Overall, there are more than 53,000 colon cancer deaths annually in the United States.

Dr. Sam Broder, director of the National Cancer Institute, said it is important that information about the drug therapy be widely disseminated to physicians because “there is an important time window” when this combination therapy must begin, which he said is four to six weeks after surgery.

The postoperative drug therapy is “an important advance” because of its impact on decreasing tumor recurrence and mortality in patients in an advanced stage of the disease, said Dr. Michael Friedman, associate director of the cancer therapy evaluation programs of the National Cancer Institute.

Scientists do not understand why the combination of the two drugs is so effective.
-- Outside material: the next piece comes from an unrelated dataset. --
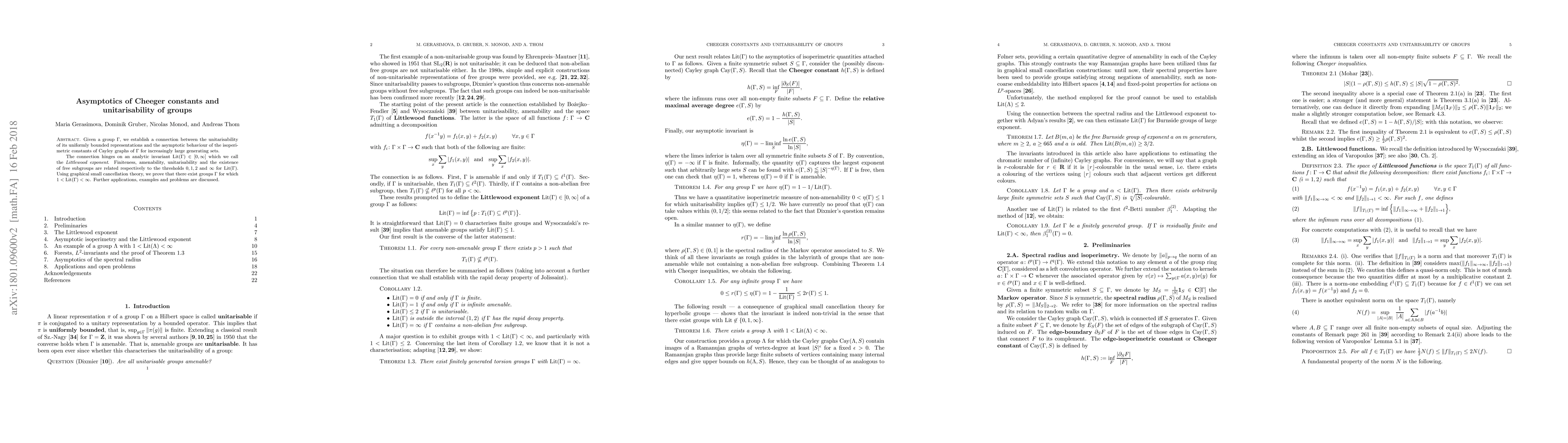 Given a group $\Gamma$, we establish a connection between the unitarisability of its uniformly bounded representations and the asymptotic behaviour of the isoperimetric constants of Cayley graphs of $\Gamma$ for increasingly large generating sets. The connection hinges on an analytic invariant ${\rm Lit}(\Gamma)\in [0, \infty]$ which we call the \emph{Littlewood exponent}. Finiteness, amenability, unitarisability and the existence of free subgroups are related respectively to the thresholds $0, 1, 2$ and $\infty$ for ${\rm Lit}(\Gamma)$. Using graphical small cancellation theory, we prove that there exist groups $\Gamma$ for which $1<{\rm Lit}(\Gamma)<\infty$. Further applications, examples and problems are discussed.

But in two large clinical trials sponsored by the cancer institute, involving more than 1,700 patients, the drug regimen after surgery reduced deaths by 33% and decreased the recurrence of cancer by 41%.

Those findings were reported last February in the New England Journal of Medicine.

Neither of the drugs has much effect when used alone. Fluorouracil has been used as a palliative treatment for cancers of the colon, breast, stomach and pancreas and has shown some benefit in patients with digestive system cancers.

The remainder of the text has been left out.